Alex Akimoğlu

30 Mayıs 2021

Sizinle kilo alıp veren kot pantolona ne dersiniz?

Amerikalı ve Hollandalı araştırmacıların üstünde çalıştıkları proje, yosun hücrelerinden yararlanarak imal edilecek kumaşlardan tasarlanacak tekstil ürünlerinin, insan vücuduna adapte olmasını öngörüyor. 'Canlı materyal' olarak nitelendirilen bu buluş, kilo alma durumunda giysinin belirli bir ölçüde genişleyerek vücuda uyum sağlamasına veya üründe oluşan yırtılma, yanma gibi zedelenmelerde kendi kendini onarmasına yol açıyor 

Advanced Materials dergisinin mercek altına aldığı ve tekstil endüstrisini yakından ilgilendiren bir habere bakılırsa, artık kilo alıp verirken ayna önünde çektiğimiz sıkıntılara çözüm geliyor.

Araştırmaların çıkış noktası, otomotiv endüstrisinde başlatılan "elektrikli otomobil" buluşuna paralel olarak, hava kirliliğini asgari düzeye çekmek ve giysiye daha uzun süre sahiplenmeye teşvik etmek olduğu belirtiliyor.

Dünyada her yıl, 100 milyar adetten fazla ürün satıldığını ve dakikada bir tır dolusu tekstil ürünün çöpe gittiğini düşünülürse, projenin önemini kavramak daha kolay olacak.

San Diego UC Üniversitesinde biyolog olan Prof. Stephen Myfield, elektronik araç tasarımının geniş kitlelerce benimsenmesinde olduğu gibi, ekolojik kaygıları giderecek tekstil ürünlerinin kabulünün de zaman alacağını ancak bu buluşun "materyalin demokratikleşmesi" niteliğinde olduğunu dile getirmiş.

Prof. Myfield ve ekibi, "tongs" olarak bilinen parmak arası terliklerle ilgili çalışmaları ile tanınıyor. Uzun yıllar doğada kalan plastik atığının endişe verici boyutlara ulaşmış olması araştırmacıları hareketlendirmiş durumda.

San Diego Üniversitesi'ndeki çalışmalar, poliüretan köpükten tasarlanacak parmak arası terliklerin atılması durumunda, bakteri ve mikroorganizmalar tarafından kendi kendini yok ederek biyolojik bozunmaya uğramasını hedefliyor.

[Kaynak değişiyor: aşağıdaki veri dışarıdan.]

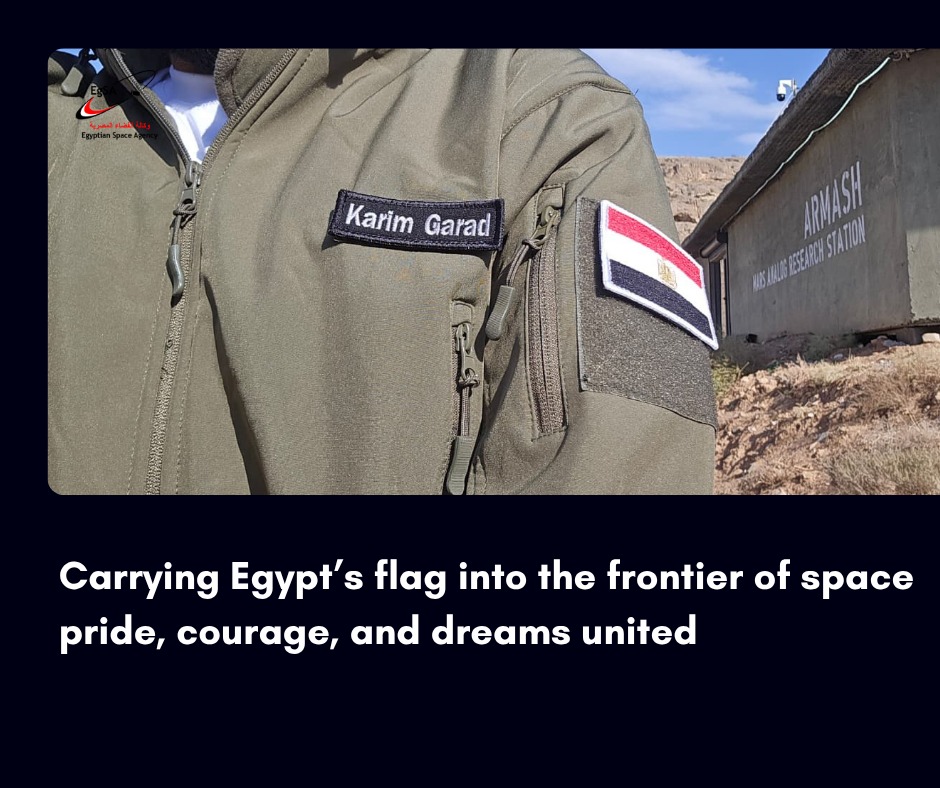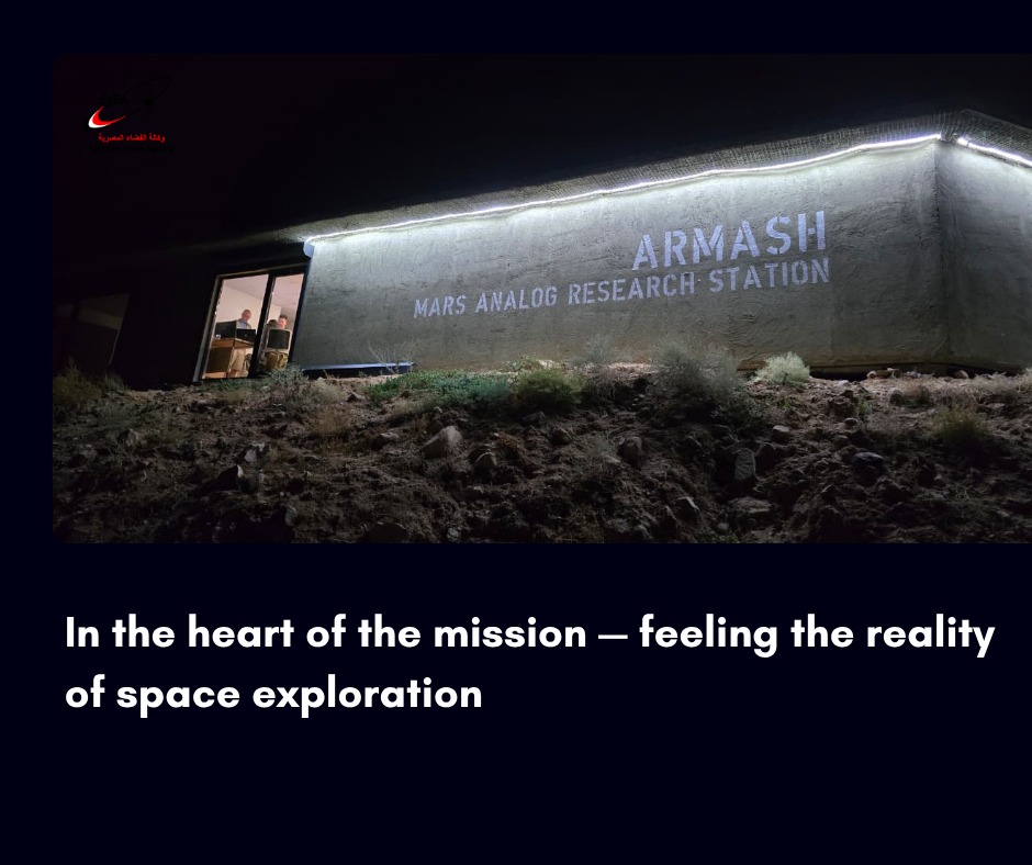 ليس تدريبًا، وليست تجربة مخبرية عادية، فقد مثل وكالة الفضاء المصرية في المهمة المهندس كريم جراد مهندس أنظمة، ونموذج محاكاه لرائد فضاء– في محطة Armaşh للأبحاث الفضائية، بالتعاون مع منتدى الفضاء الأرميني وشبكة دولية من المحطات النموذجية.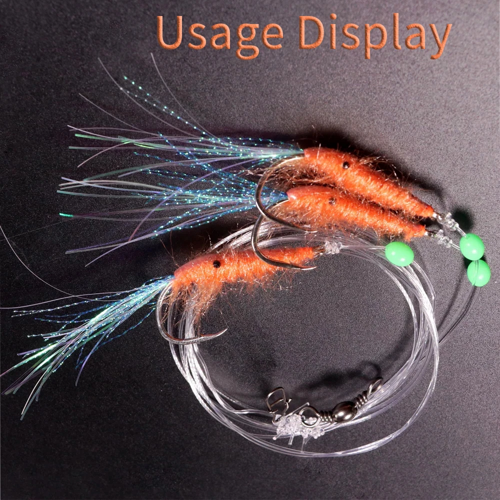 Aparejo de camarón de 3 moscas con clip giratorio y de plomo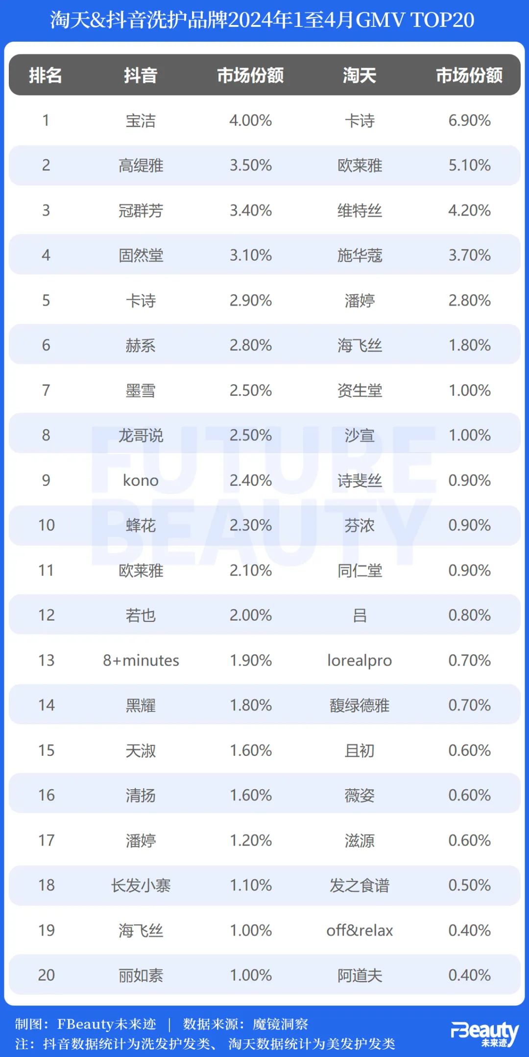 抖音平台的崛起不仅分流淘天,也带动整体美妆市场的增长,其中洗发护发赛道在2024年1-4月份增长28.4%,在所有品类中靠前。而在抖音的带动下,一大批洗护白牌增长迅猛,快速占领了Top20份额,尤其高缇雅、冠群芳、固然汤、赫系、龙哥说等品牌堪称“拔地而起”。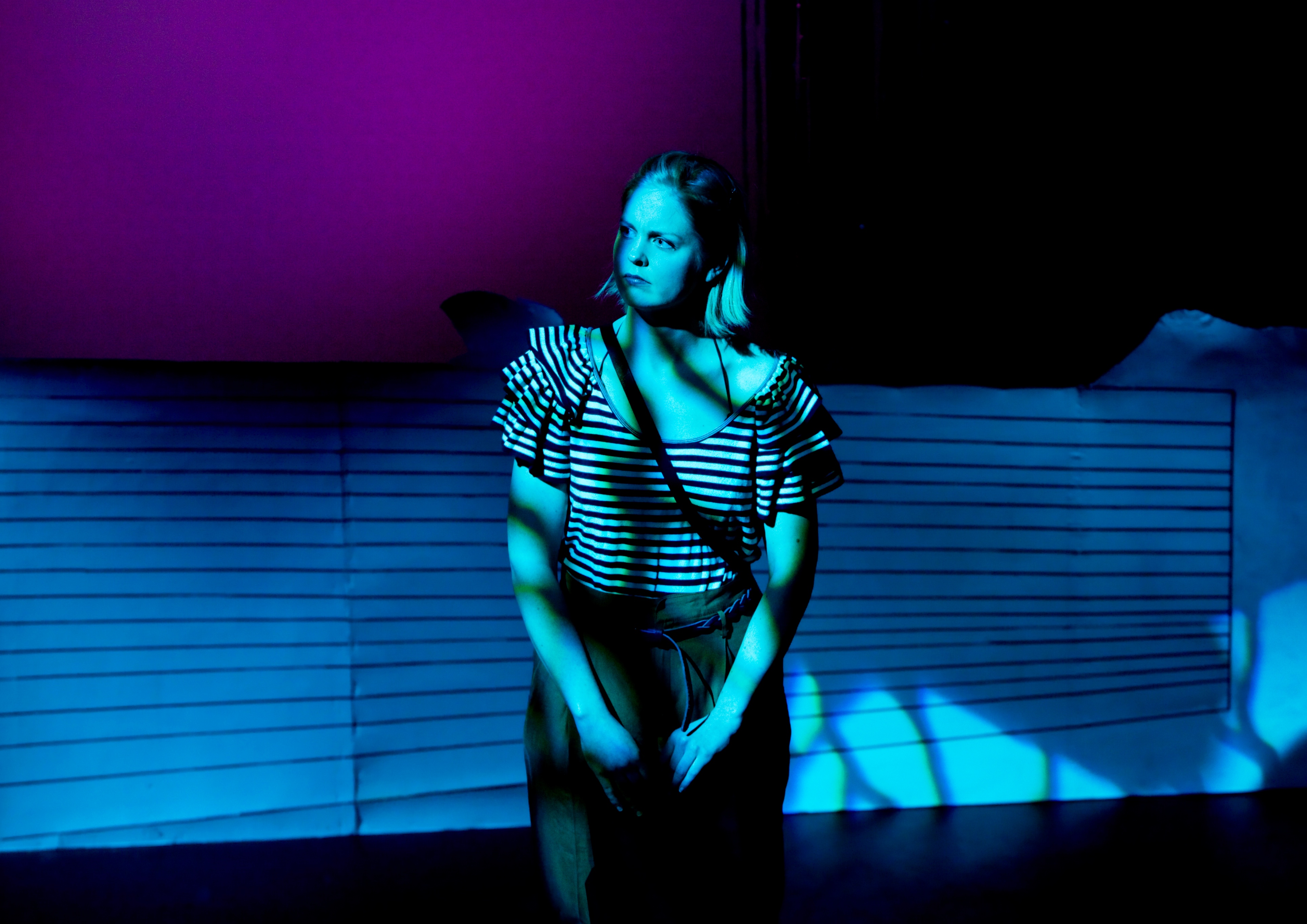 Fotografi fra Isenkramteaterets produksjon Ikaros faller/learning to fly (2010). På bildet: Marte Mørland. Fotograf: Ukjent.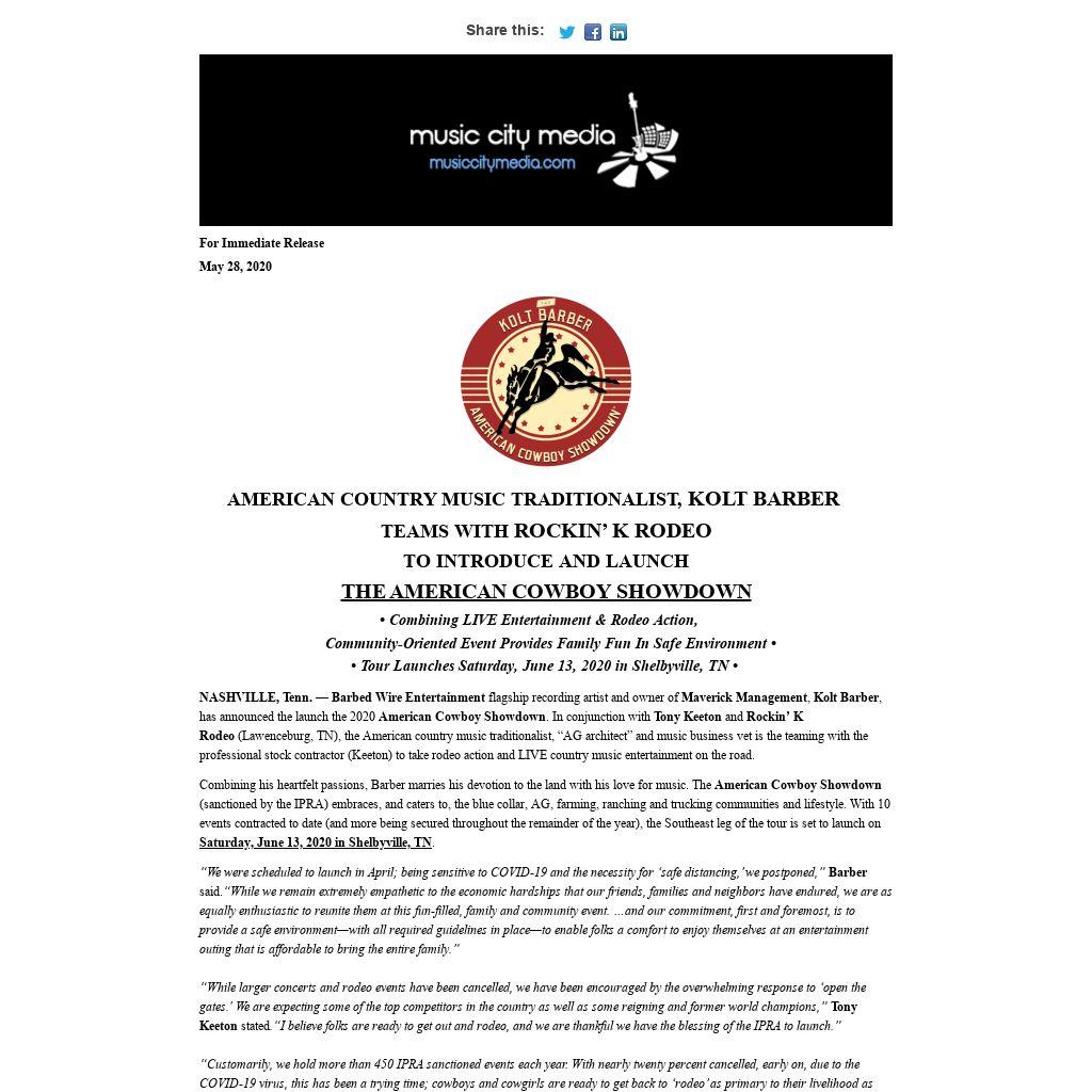 NASHVILLE, Tenn. — Barbed Wire Entertainment flagship recording artist and owner of Maverick Management, Kolt Barber, has announced the launch the 2020 American Cowboy Showdown. In conjunction with Tony Keeton and Rockin’ K Rodeo (Lawenceburg, TN), the American country music traditionalist, “AG architect” and music business vet is the teaming with the professional stock contractor (Keeton) to take rodeo action and LIVE country music entertainment on the road.

Araştırmacıların ifadesine göre, fotosentez tekniği ile su, güneş ışınları ve karbon gazı ile temasa geçen yosun hücrelerinden dokunan kumaşlar, genişleme ve kendi kendini onarma özelliklerini kazanarak tekstil dünyasında önemli bir değişime yol açacak.

Çevrebilim ve hava kirliliğine gösterilen hassasiyet henüz istenilen seviyeye ulaşmamış olsa da, yapılan araştırmalar tüketicin yüzde 20'lik bölümünün alışveriş yaparken etiketleri inceleyerek doğaya zarar vermeyecek şekilde üretilmiş tekstil ürünlerine yönelmekte olduğunu gösteriyor.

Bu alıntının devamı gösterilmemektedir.